START Data extract

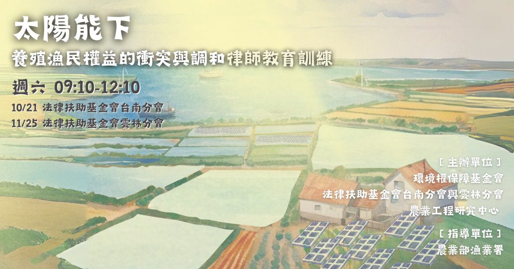 太陽能下漁電共生與漁民權益的衝突與調和律師教育訓練 #台南場 邀請關心漁電的律師朋友,立即報名https://erf.pse.is/5agh7m 漁電如何共生?
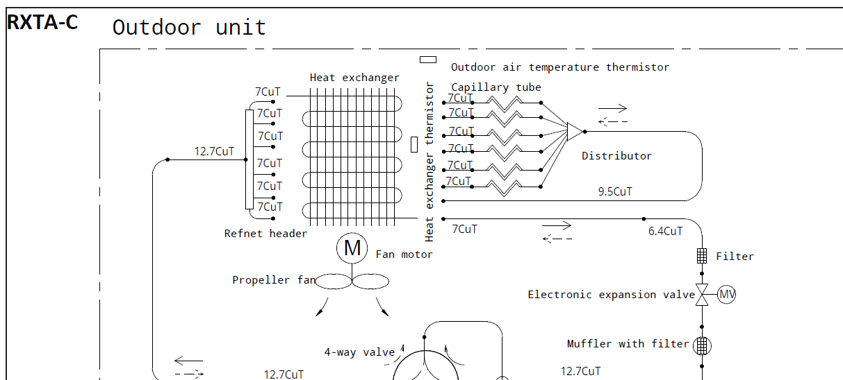 Nein, die Panasonic entspannt das KM im Expansionsventil, leitet es dann durch 2-4 Rohrschlangen unten im Verdampfer und danach geht es erst in den Verteiler und die Kapillaren.
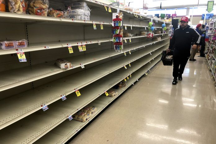 A shopper walks past empty shelves where bread is normally displayed in a supermarket, Sunday, March 15, 2020, in Boston. For most people, the new coronavirus causes only mild or moderate symptoms, such as fever and cough. For some, especially older adults and people with existing health problems, it can cause more severe illness, including pneumonia. The vast majority of people recover from the new virus. (AP Photo/Steven Senne)
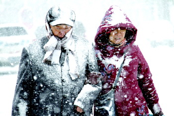 一对赶路的老人身上披上了一层白雪。本报记者 李军 摄
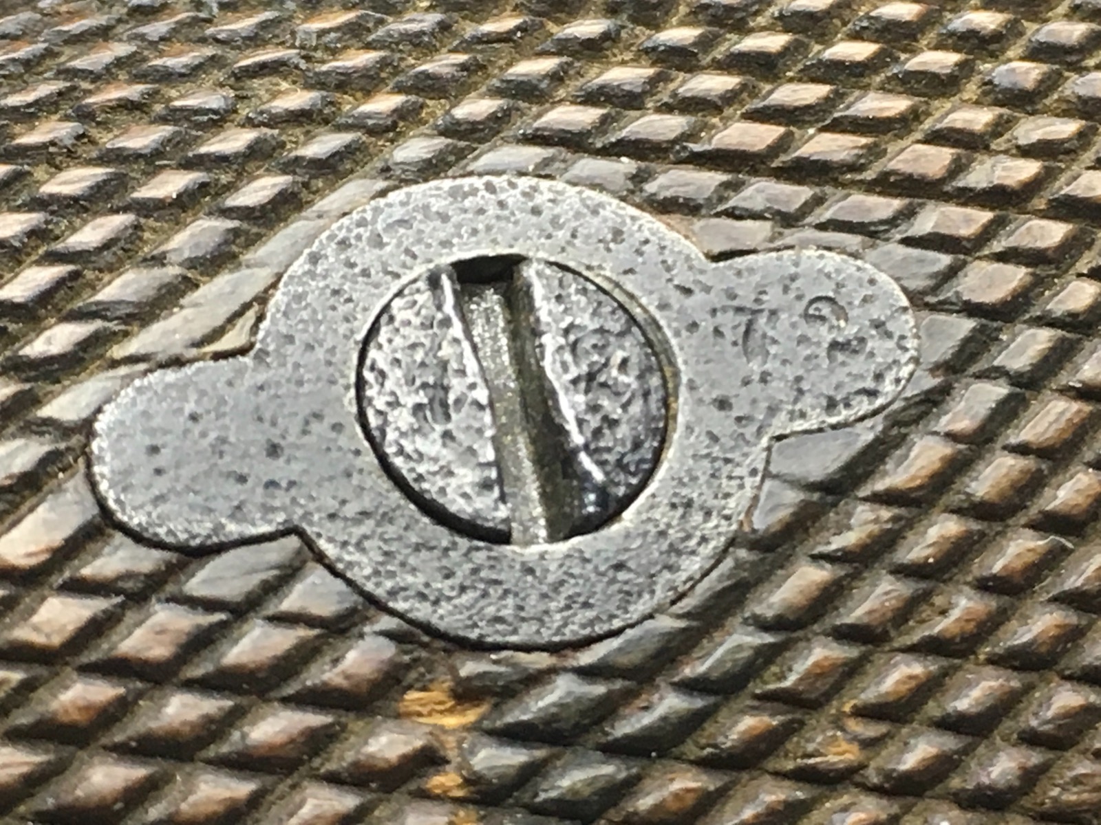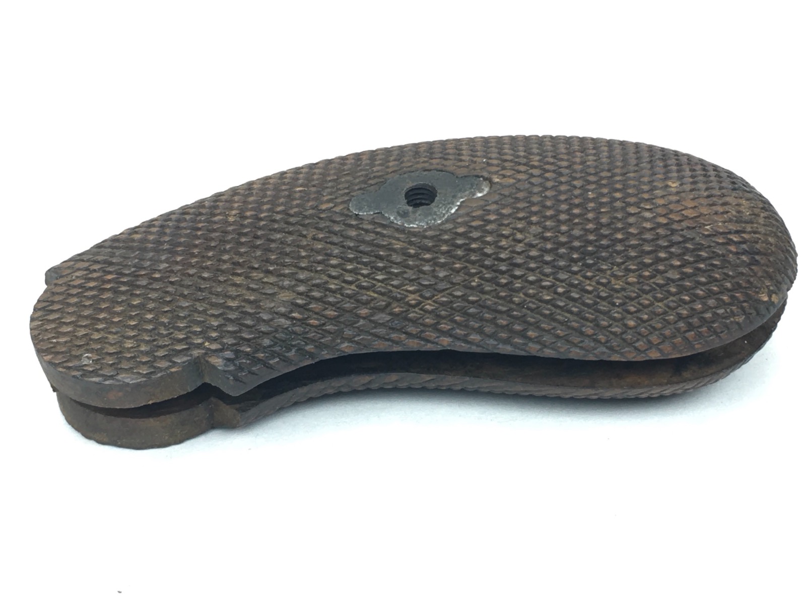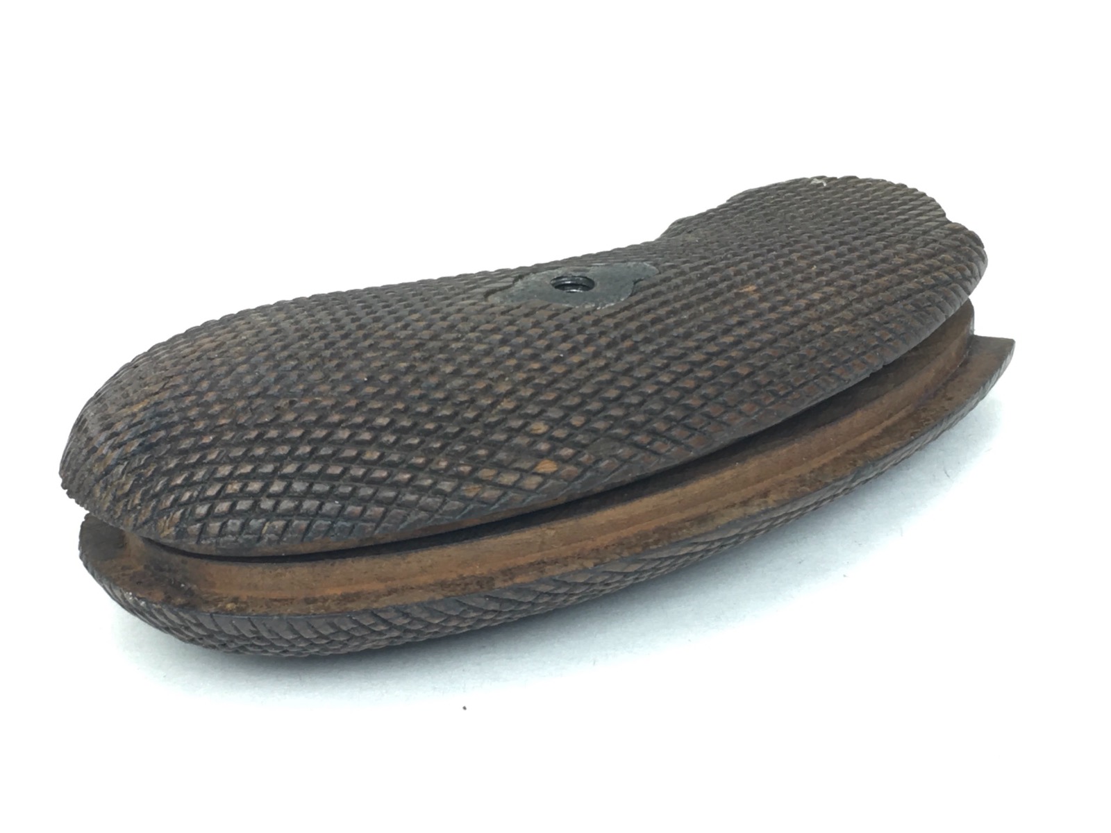 3/13/19 – These are authentic, wooden grip panels and screw for the Reichsrevolver Model 1883. The Reichsrevolver was used by the German Army from 1879 to 1908, before it was superseded by the Luger. Each of these panels has the serial number “1972” stamped on the back. The number “72” is also stamped on the grip screw and escutcheon. So, the screw matches the grips. Very good and distinct checkering. No chips, cracks or missing edges. Very nice set.
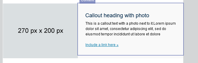 - If you use the callout with photo, keep the text short so it doesn't go past the photo. The photo size of 270x200 is a suggestion, and you can use a different photo size if it fits.
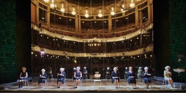Der Regisseur versteht sein Handwerk ausgezeichnet. Seine Personenführung ist spannend und stringent und die Zeichnung der zwischenmenschlichen Beziehungen sehr einfühlsam. Oftmals sind Personen auf der Bühne, für die Gluck an dieser Stelle gar keinen Auftritt vorgesehen hat. Mit Tschechow’schen Elementen kann Warlikowski umgehen. Auch Brecht huldigt er nachhaltig, wenn er im vierten Akt den Zuschauerraum in seine Deutung einbezieht und einige Szenen in den ersten Rang des Stuttgarter Opernhauses verlegt. So tötet Pylades den im Rollstuhl sitzenden, tätowierten und lädierten Despoten Thoas, dessen Verhalten hier nicht unverständlich erscheint, in der rechten Seitenloge. Die Göttin Diana und der Chor singen vom Orchestergraben aus. An die Stelle der Taurischen Priesterinnen treten die von ältlichen Statistinnen dargestellten Bewohnerinnen des Altenheimes. Im Programmheft sind die Biographien dieser Stuttgarter Damen abgedruckt. Zwischen diesen und Glucks Oper werden Ähnlichkeiten offenbar. Das echte Alter und das Alleinsein dieser betagten Frauen werden hier einfühlsam thematisiert. Am Ende des zweiten Aktes dürfen sie auch mal Kuchen essen. Geprägt wird die Bühne ferner von einer riesigen Spiegelwand, die die Befindlichkeiten der Protagonisten reflektiert und das Geschehen gekonnt in unsere Gegenwart transferiert. Wenn sich das Publikum auf diese Weise selbst erblickt, wird ihm vom Regisseur zudem der sprichwörtliche Spiegel vorgehalten.
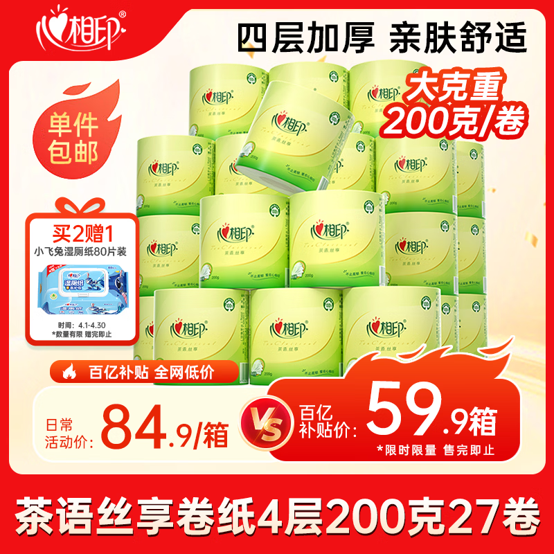 心相印有芯卷纸 茶语丝享4层200g*27卷 卫生纸巾 卷筒纸 厕纸 整箱销售
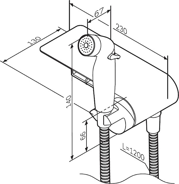 - полочка, гигиенический душ, душевой шланг, смеситель
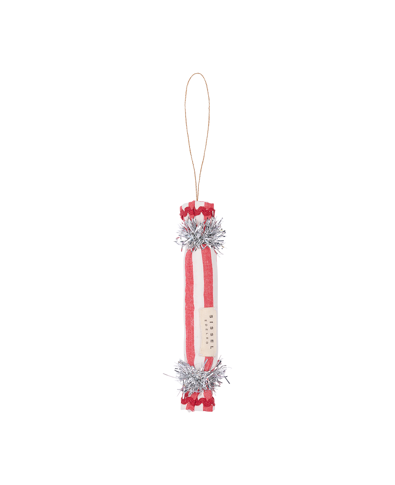 Crackers Ornament er lavet af rester af bomuld og er pyntet med et smukt bånd og glitrende sølv-lurex i enderne. Den er perfekt til at pynte det mest festlige juletræ og sprede julestemning i hele huset!
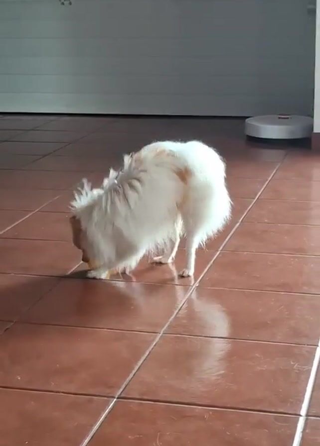 small, long-haired dog playing with a yellow ball on a tiled floor. The dog is predominantly white with some light brown markings. It picks up the ball, moves around, then drops it, appearing to look expectantly at the camera. The background includes a white garage door and a robotic vacuum cleaner. The floor is covered in brown, square tiles with visible grout lines. The room is well-lit, casting soft shadows.
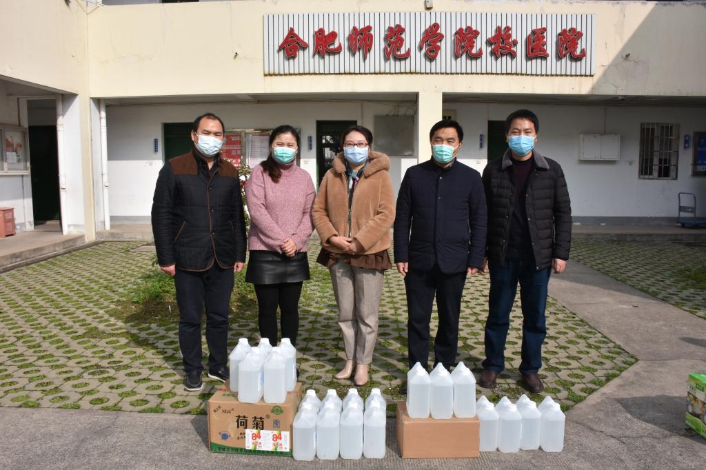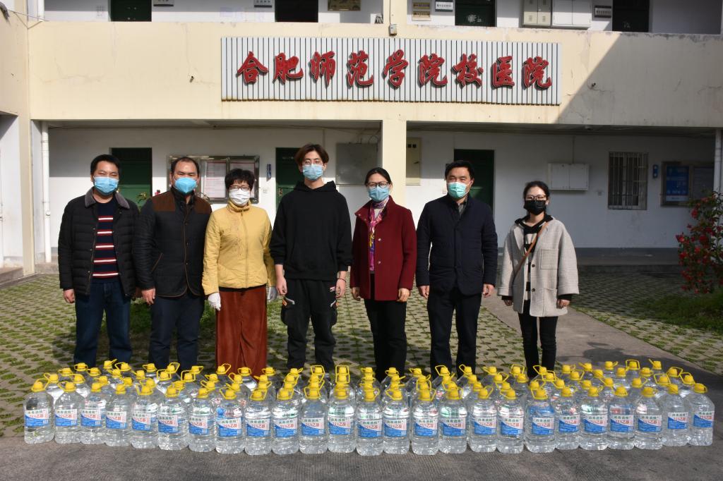 中国人寿保险股份有限公司合肥分公司捐赠75%酒精2.5L20瓶、84消毒液1.5L10瓶、免洗消毒凝胶25瓶。
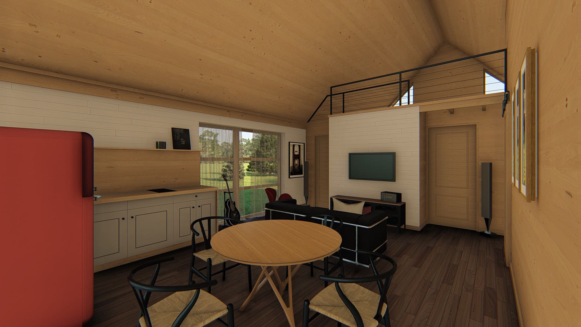 Az igazi otthon érzetét a meleg és energiatakarékos belső tér teremti meg, a jól szigetelt szerkezetnek köszönhetően. A külső és belső felületek fa burkolatot kapnak, így még bensőségesebbé válik a tér.
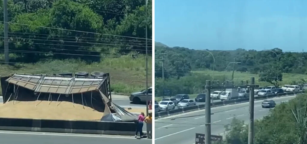 3 de fevereiro de 2025Um caminhão carregado de areia tombou na Rodovia do Sol, a altura do bairro Jockey de Itaparica, em Vila Velha, na manhã desta segunda-feira (03).
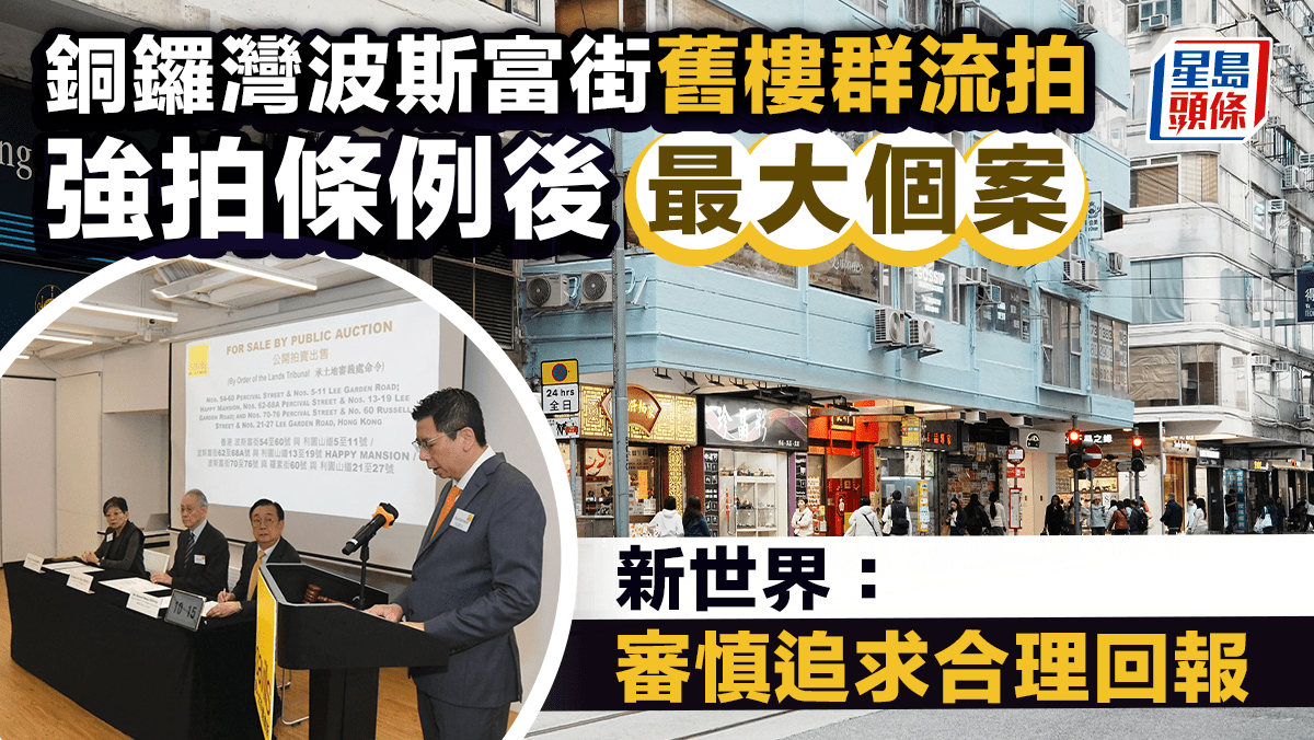 銅鑼灣波斯富街舊樓群流拍 強拍條例後最大個案 新世界:審慎追求合理回報
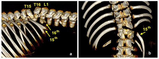 3D-VR CT reconstructions of piglet P285. (a) Right lateral and (b) dorsal view of the spine. Note the right 14th rib was rotated and hypoplasic and the left 15th rib was bifid.
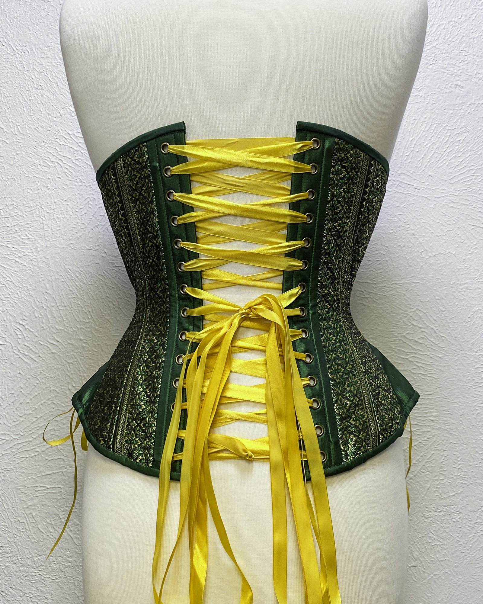 Green taffeta panels alternate with a traditional Thai brocade of green and gold. In the back and at the hips, this corset is laced with coordinating yellow satin ribbons. This corset is comfortable and supportive, with 20 flexible spiral steel bones, a steel busk with two flat steel stays for extra front support, and four flat steel stays to support the back grommets. Constructed with three layers of fabric: two inner layers of sturdy cotton twill, waist tape, and the brocade and taffeta outer layer. There are four garter loops (no straps included) attached at the inside bottom seam. Hourglass underbust corsets have a rounder, more contoured underbust line than that of the classic underbust corsets.
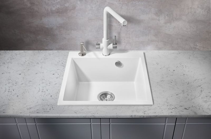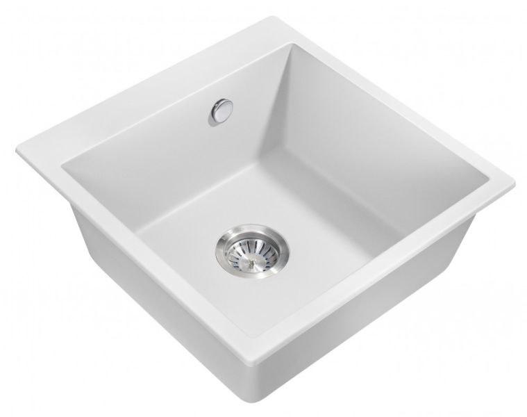 Врезная каменная прямоугольная мойка для кухни MILACIO Murcia 51 Cuarzo (MC.77022), выполненная в белом матовом цвете, станет украшением любой кухни — как классического, так и современного стиля. Раковина изготовлена из искусственного камня — кварца, или кварцевого композита, — твердого, долговечного материала, устойчивого перед любыми химическими веществами, экстремальными температурами и повреждениями. Имеет одну глубокую вместительную чашу квадратной формы, благодаря чему очень удобна в эксплуатации. Водоотталкивающее покрытие не дает каплям растекаться по поверхности, сводя к минимуму уровень загрязнения. А шумоподавляющие свойства материала не позволяют мойке греметь при наполнении водой и мытье посуды. Компактный сифон с выпуском и переливом сохранит много полезного места в тумбе под раковиной.

END Data extract

Description of the task
Omit the pictures and give the material again, exactly and in full.

Exercise solution
 太陽能下漁電共生與漁民權益的衝突與調和律師教育訓練 #台南場 邀請關心漁電的律師朋友,立即報名https://erf.pse.is/5agh7m 漁電如何共生?
 Nein, die Panasonic entspannt das KM im Expansionsventil, leitet es dann durch 2-4 Rohrschlangen unten im Verdampfer und danach geht es erst in den Verteiler und die Kapillaren.
 A shopper walks past empty shelves where bread is normally displayed in a supermarket, Sunday, March 15, 2020, in Boston. For most people, the new coronavirus causes only mild or moderate symptoms, such as fever and cough. For some, especially older adults and people with existing health problems, it can cause more severe illness, including pneumonia. The vast majority of people recover from the new virus. (AP Photo/Steven Senne)
 一对赶路的老人身上披上了一层白雪。本报记者 李军 摄
 3/13/19 – These are authentic, wooden grip panels and screw for the Reichsrevolver Model 1883. The Reichsrevolver was used by the German Army from 1879 to 1908, before it was superseded by the Luger. Each of these panels has the serial number “1972” stamped on the back. The number “72” is also stamped on the grip screw and escutcheon. So, the screw matches the grips. Very good and distinct checkering. No chips, cracks or missing edges. Very nice set.
 - If you use the callout with photo, keep the text short so it doesn't go past the photo. The photo size of 270x200 is a suggestion, and you can use a different photo size if it fits.
Der Regisseur versteht sein Handwerk ausgezeichnet. Seine Personenführung ist spannend und stringent und die Zeichnung der zwischenmenschlichen Beziehungen sehr einfühlsam. Oftmals sind Personen auf der Bühne, für die Gluck an dieser Stelle gar keinen Auftritt vorgesehen hat. Mit Tschechow’schen Elementen kann Warlikowski umgehen. Auch Brecht huldigt er nachhaltig, wenn er im vierten Akt den Zuschauerraum in seine Deutung einbezieht und einige Szenen in den ersten Rang des Stuttgarter Opernhauses verlegt. So tötet Pylades den im Rollstuhl sitzenden, tätowierten und lädierten Despoten Thoas, dessen Verhalten hier nicht unverständlich erscheint, in der rechten Seitenloge. Die Göttin Diana und der Chor singen vom Orchestergraben aus. An die Stelle der Taurischen Priesterinnen treten die von ältlichen Statistinnen dargestellten Bewohnerinnen des Altenheimes. Im Programmheft sind die Biographien dieser Stuttgarter Damen abgedruckt. Zwischen diesen und Glucks Oper werden Ähnlichkeiten offenbar. Das echte Alter und das Alleinsein dieser betagten Frauen werden hier einfühlsam thematisiert. Am Ende des zweiten Aktes dürfen sie auch mal Kuchen essen. Geprägt wird die Bühne ferner von einer riesigen Spiegelwand, die die Befindlichkeiten der Protagonisten reflektiert und das Geschehen gekonnt in unsere Gegenwart transferiert. Wenn sich das Publikum auf diese Weise selbst erblickt, wird ihm vom Regisseur zudem der sprichwörtliche Spiegel vorgehalten.
 心相印有芯卷纸 茶语丝享4层200g*27卷 卫生纸巾 卷筒纸 厕纸 整箱销售
 - полочка, гигиенический душ, душевой шланг, смеситель
 Crackers Ornament er lavet af rester af bomuld og er pyntet med et smukt bånd og glitrende sølv-lurex i enderne. Den er perfekt til at pynte det mest festlige juletræ og sprede julestemning i hele huset!
 small, long-haired dog playing with a yellow ball on a tiled floor. The dog is predominantly white with some light brown markings. It picks up the ball, moves around, then drops it, appearing to look expectantly at the camera. The background includes a white garage door and a robotic vacuum cleaner. The floor is covered in brown, square tiles with visible grout lines. The room is well-lit, casting soft shadows.
 中国人寿保险股份有限公司合肥分公司捐赠75%酒精2.5L20瓶、84消毒液1.5L10瓶、免洗消毒凝胶25瓶。
 Az igazi otthon érzetét a meleg és energiatakarékos belső tér teremti meg, a jól szigetelt szerkezetnek köszönhetően. A külső és belső felületek fa burkolatot kapnak, így még bensőségesebbé válik a tér.
 3 de fevereiro de 2025Um caminhão carregado de areia tombou na Rodovia do Sol, a altura do bairro Jockey de Itaparica, em Vila Velha, na manhã desta segunda-feira (03).
 銅鑼灣波斯富街舊樓群流拍 強拍條例後最大個案 新世界:審慎追求合理回報
 3D-VR CT reconstructions of piglet P285. (a) Right lateral and (b) dorsal view of the spine. Note the right 14th rib was rotated and hypoplasic and the left 15th rib was bifid.
 Green taffeta panels alternate with a traditional Thai brocade of green and gold. In the back and at the hips, this corset is laced with coordinating yellow satin ribbons. This corset is comfortable and supportive, with 20 flexible spiral steel bones, a steel busk with two flat steel stays for extra front support, and four flat steel stays to support the back grommets. Constructed with three layers of fabric: two inner layers of sturdy cotton twill, waist tape, and the brocade and taffeta outer layer. There are four garter loops (no straps included) attached at the inside bottom seam. Hourglass underbust corsets have a rounder, more contoured underbust line than that of the classic underbust corsets.
 Врезная каменная прямоугольная мойка для кухни MILACIO Murcia 51 Cuarzo (MC.77022), выполненная в белом матовом цвете, станет украшением любой кухни — как классического, так и современного стиля. Раковина изготовлена из искусственного камня — кварца, или кварцевого композита, — твердого, долговечного материала, устойчивого перед любыми химическими веществами, экстремальными температурами и повреждениями. Имеет одну глубокую вместительную чашу квадратной формы, благодаря чему очень удобна в эксплуатации. Водоотталкивающее покрытие не дает каплям растекаться по поверхности, сводя к минимуму уровень загрязнения. А шумоподавляющие свойства материала не позволяют мойке греметь при наполнении водой и мытье посуды. Компактный сифон с выпуском и переливом сохранит много полезного места в тумбе под раковиной.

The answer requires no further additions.